I can understand why they added their own sound effects to "enhance" the movie, but it got a little over-the-top at times, and I think if one wasn't particularly perceptive they might not realize that what they were hearing was essentially special effects added to a nature documentary. Now don't tell me "well 3D is a special effect too but you're not complaining about that!" The difference is, they are up front about the 3D effect. Simply adding a disclaimer at the beginning of the film to the effect of "some audio effects have been added" would have been a nice gesture.
I know IMAX films are expensive to produce, and I guess it could be interpreted as a compliment when one comes out of a movie saying "I wish there were more," but it really was too short. As long as you know when you're shelling out your $11.50 that you're only getting 45 minutes, you'll be okay. (Really, for me, the bits with the Humboldt squid and the Pacific octopus made it money well spent) So apart from these minor annoyances, Deep Sea 3D is definitely something you should treat yourself to in the theaters while you can! Hopefully in a couple of years they'll have the expertise to give us a 3D IMAX film about the weird and grotesque sea creatures in the abyss!
This is great viewing. The images are stunning. Breath-taking! The film really is about the weird and grotesque sea creatures in the abyss. The information given really teaches you something. I never knew the oceans could be so full of life. There's so much down there and not all of it's been discovered yet! There's so much to learn. Plus Johnny Depp's narration is an added bonus! Mmmm... dreamy! But seriously, its definitely worthwhile, very entertaining and educational all at the same time. I was surprised at how close the camera got to the creatures. IMAX have really made a great job of this spectacular nature documentary, shown as a film. I definitely suggest you give it a go!
Like others, I had very high hopes when I heard that Johnny Depp and
Kate Winslet would be narrating this IMAX film, and that Danny Elfman
would be doing the score. However, I was quite disappointed in those
elements that attracted my attention to the movie.

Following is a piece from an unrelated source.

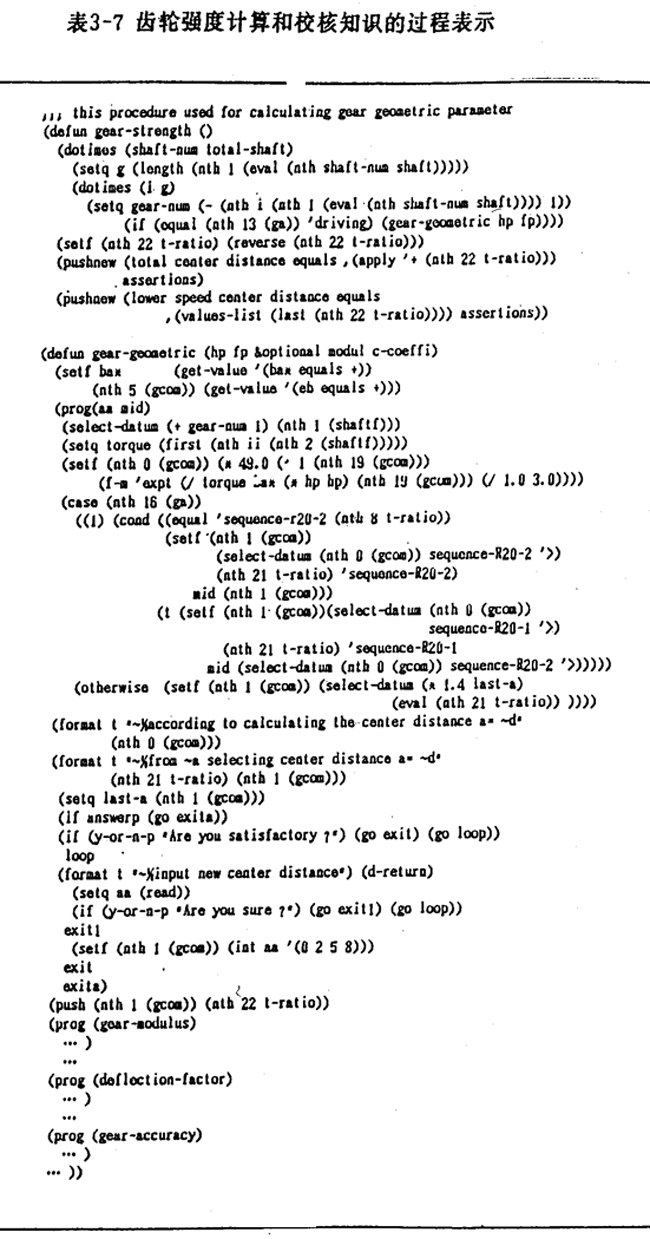 在LlSP語(yǔ)言中,過(guò)程表示用函數(shù)表達(dá),表3-5是圖3-l所示的齒輪強(qiáng)度計(jì)算和校核知識(shí)的過(guò)程表示的形式。

The style of Winslet and Depp's narration might be fine for kids, I suppose, but I found it very irritating. Perhaps I'm brainwashed by decades of authoritative-sounding old men with big voices narrating nature documentaries, but I don't think that's all it is. The narration style here is just silly. And not in a good way (although the way Winslet and Depp voiced the exchange I used as the title of my review did provoke plenty of unintentional(?) laughter, and my girlfriend and I still quote the lines occasionally).
Danny Elfman's score, while not outright bad like the narration, did strike me as overwrought and corny (again, I suppose it's fine if viewed as intended only for young children).
And as another reviewer has also noted, the foley was really over the top in this documentary. The fake squealing vocalizations of the sea creatures was particularly irksome and inappropriate.
The film is still worth watching for the amazing underwater footage, but shots intended to be seen in IMAX 3D don't have the same overwhelming impact on the TV screen.
Narrated by Johnny Depp and Kate Winslet.
This film is really amazing, and not just because of the 3-D. The underwater cinematography was absolutely brilliant. This Imax movie shows many odd creatures and the way they live. The 3-D in this thing is really amazing. The fish look like their right in front of your face and normal size. And the great thing about this film is that even without the 3-D, it's still an excellent documentary on the fascinating life found in the sea. The narration was really interestingly written and performed (with Johnny Depp and Kate Winslet switching off). The sound effects were great and the wonderful musical score from Danny Elfman fit so well. If you want to see life underwater without actually getting near the creatures, this is about the closest you will come.
My rating: **** out of ****. 50 mins.